Enduring the data painSince I have cheated the data pain many times I wanted to explore how I could bring some order to this mess. That's what we developers do, we organize messy things into stuff that at least we can understand.
I think there are ways to cheat that actually don't impact the quality of your tests.
So, let's get to it. Basically,you have four approaches for any data in your tests.
This is the "quick and dirty" approach. Here we assume that the same value will be available no matter what. Even if this may be true, it tends to be a quite naive approach. Moving from one environment to the other, data will change. But this approach is acceptable in certain cases:
- When you are just trying to get something together for the first time
- When you are creating throw-away-tests (Why would you? Even the simplest test adds value to you regression test suite!)
- When data really IS that stable (Countries, Languages etc)
2. Find anyThis approach is a bit more ambitious, but still requires low effort. Lets assume that you need to use a Country for some reason. Your environment is not setup for every single country in the world, nor are countries static - approach 1 is out of the question. For a database scenario, we'll create a simple "SELECT TOP 1 FROM xxx" query to retrieve the value to use. We don't care what country we get, as long as its valid. Only selecting the columns you need is a sound approach for many reasons, one is improved resilience against schema changes.
Note: My examples assumes that your data can only be retrieved from a database but, depending on the system, you might be able to collect data via web services, REST services etc.

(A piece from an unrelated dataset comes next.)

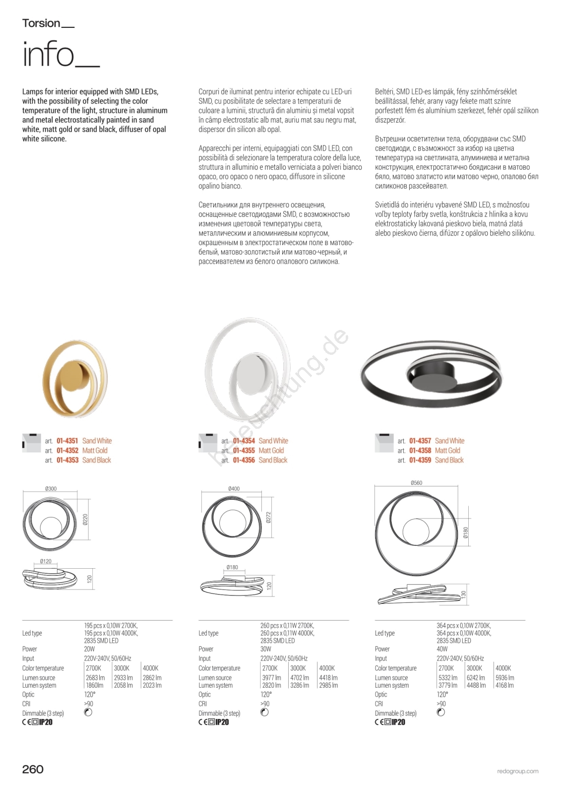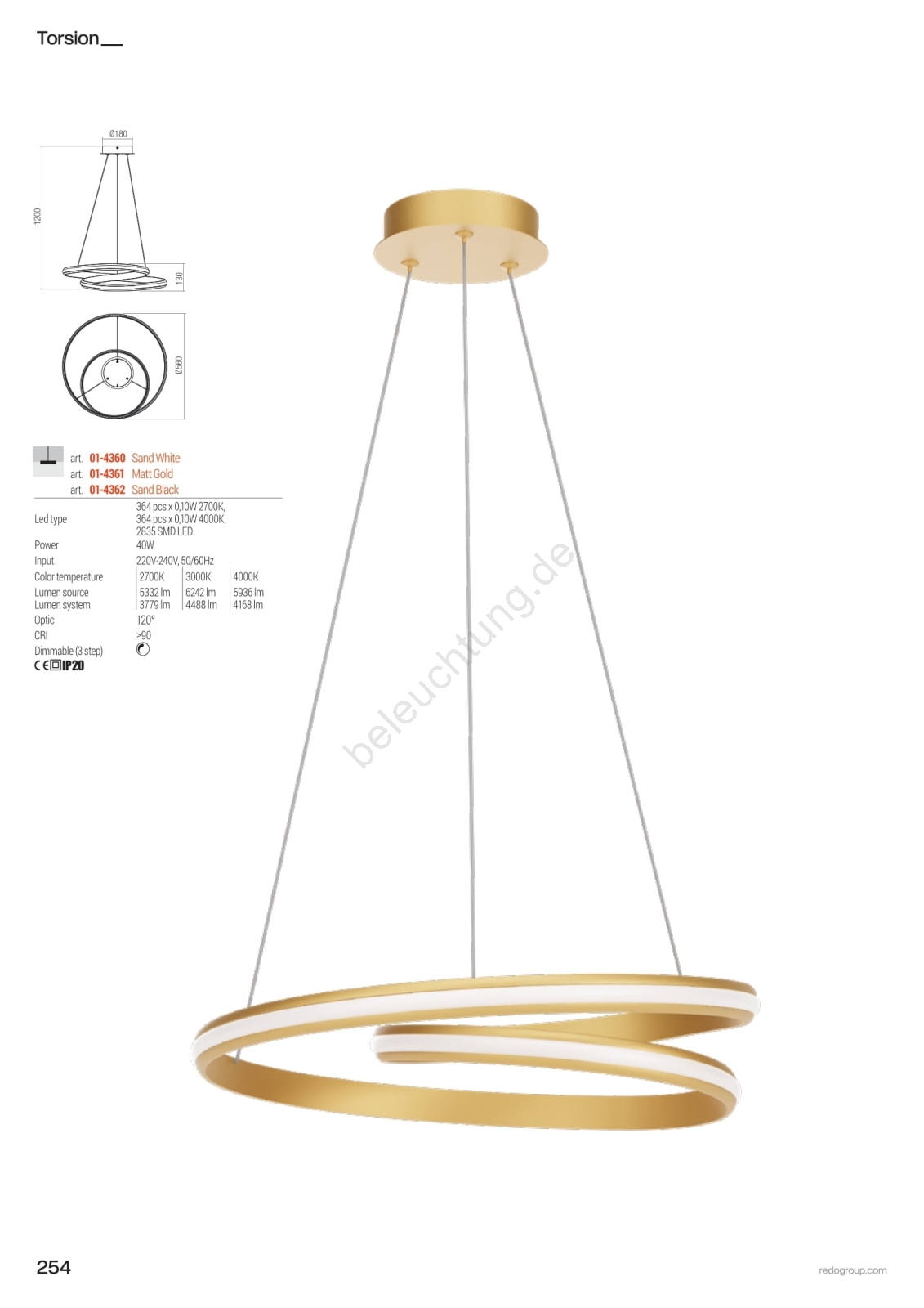 • Redo 01-4361 - TORSION LED, dimmbare Pendelleuchte an Stahlseil, LED/40W/230V, 2700/3000/4000K, CRI 90, Ø 56 cm, goldfarben

3. Find with predicateHere's the more ambitious cousin of option 2, this time we make the same "SELECT TOP 1..." query, but we add some WHERE statements, since what exact entity we want is important. In the simplest scenario we might just want to make sure that the entity we use has not been "soft-deleted". Another example (sticking to the country-scenario) would be that we want a country that has defined states. Again, only query agains columns that you use. When these predicates become very advanced and start to grow hair, consider this
- Will the predicate always produce a match, is the data stable enough? In all environments?
- Should you consider creating a matching entity instead, using option 4?
4. Create your ownThis is the hardcore solution. If you want it done right, do it yourself! Our selects now become inserts and we create that entity that we need. This requires the deepest level of model knowledge since you need to know every column and table relation in order to make a valid insert.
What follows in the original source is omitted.